--- Given information ---
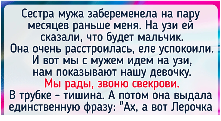 Сестра мужа забеременела на пару месяцев раньше меня. На узи ей сказали, что будет мальчик. Она очень расстроилась, еле успокоили. И вот мы с мужем идем на узи, нам показывают нашу девочку. Мы рады, звоню свекрови. В трубке — тишина. А потом она выдала единственную фразу: «Ах, а вот Лерочка расстроится, она же девочку хотела».
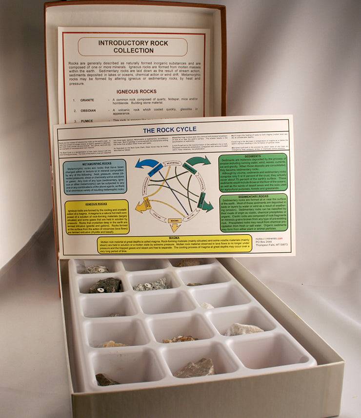 Introduction to Rocks Specimen Kit is a collection of 15 labeled and identified rocks from each group - igneous rocks, metamorphic rocks and sedimentary rocks.
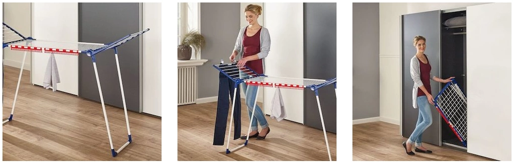 Po złożeniu suszarkę można przechowywać na niewielkiej powierzchni, np. w szafie
---
About this task: Could you copy the listing exactly, leaving out any pictures?

Your response:
 Сестра мужа забеременела на пару месяцев раньше меня. На узи ей сказали, что будет мальчик. Она очень расстроилась, еле успокоили. И вот мы с мужем идем на узи, нам показывают нашу девочку. Мы рады, звоню свекрови. В трубке — тишина. А потом она выдала единственную фразу: «Ах, а вот Лерочка расстроится, она же девочку хотела».
 Introduction to Rocks Specimen Kit is a collection of 15 labeled and identified rocks from each group - igneous rocks, metamorphic rocks and sedimentary rocks.
 Po złożeniu suszarkę można przechowywać na niewielkiej powierzchni, np. w szafie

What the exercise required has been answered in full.